RE: Temporal in Hbase?

Posted by Anoop Sam John <an...@huawei.com>.
Hi Shumin,

>start_time < const_et and end_time >= const_st or end_time is null.
Your problem was end_time >= const_st or end_time is null.....

You can make use of FilterList with MUST_PASS_ALL (AND) condition only.. This can contain one SingleColumnValueFilter correspodning to start_time with your condition and value.  "end_time" is null means you are not having any KV added in the row for this column? [This column value is missing for a row] In that case you can use a SingleColumnValueFilter with condition and value "const_st"  and to this filter set  filterIfMissing(false).

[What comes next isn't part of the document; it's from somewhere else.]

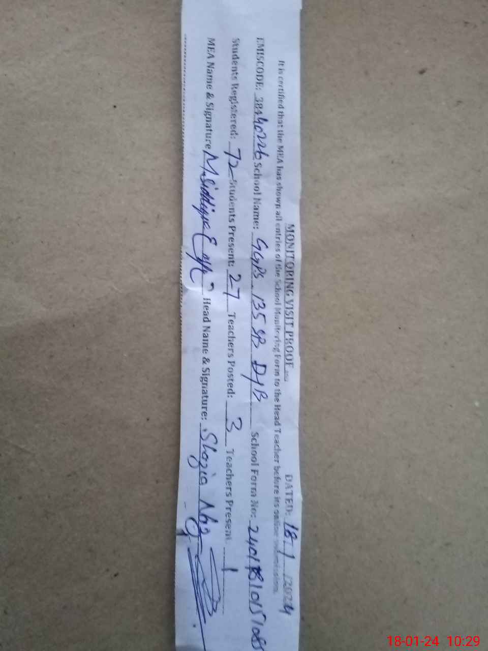 | Attendance Register | Head Teacher | MEA with School | Visit Proof |
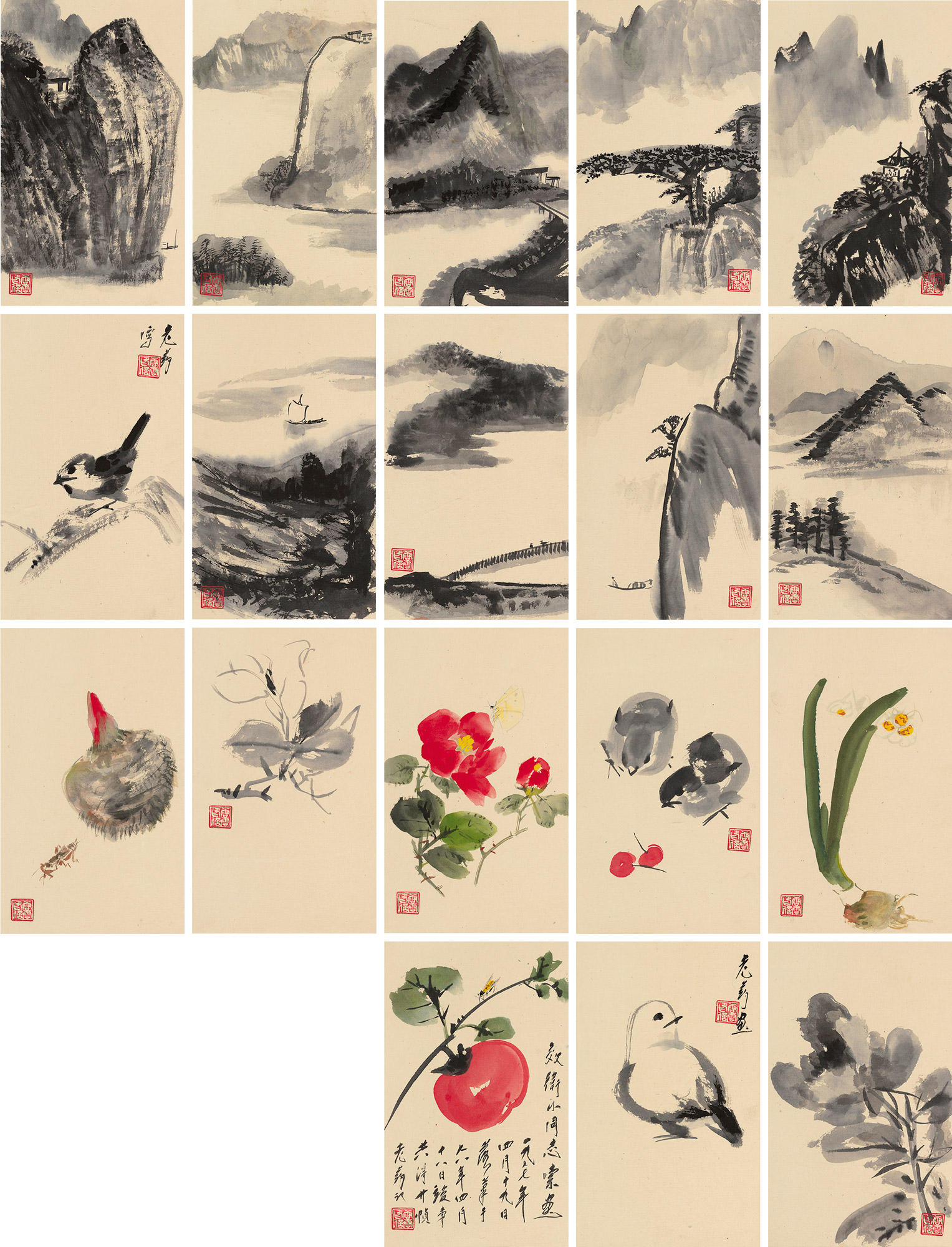 Lot 131 1981年作 翎毛花卉草虫山水册 册页 (十二开) 水墨纸本

This means if the column is absent for a row, that row wont get filtered out.. This is what you want right? [But the default value for filterIfMissing is false only ]

FYI a FilterList can contain another filter list
So if you have a query like  col1=? AND ( col2=? OR col2=? ) you can use FilterList.. One inner filter list with MUST_PASS_ONE for col2 and an outer FL with MUST_PASS_ALL which contains the inner FL and SCVF for col1..    Hope I understood your problem and giving the answer which you are looking for   :)

-Anoop-
________________________________________
From: Shumin Wu [shumin.wu@gmail.com]
Sent: Thursday, October 11, 2012 4:54 AM
To: user@hbase.apache.org
Subject: Re: Temporal in Hbase?

How I can miss this reply!!

Hi Anoop,

First, thanks for your reply to my question and apologize for not following
up promptly. I have put off a million of fires and come back to this issue.
Here are my thoughts. Yes, a FilterList with MUST_PASS_ALL works fine for
simple temporal clause.

However, I have a use case like this. I need to find all data having
overlapping time range for a given time range. Some data are valid till
now, which have a open-ended end time timestamp, marked as end_time = null
in our database.

To express it formally, for a given time range [const_st, const_end], where
const_st represents the constant start time and const_et the constant end
time, my task is to find all data rows with start_time and end_time
satisfying this expression:

start_time < const_et and end_time >= const_st or end_time is null.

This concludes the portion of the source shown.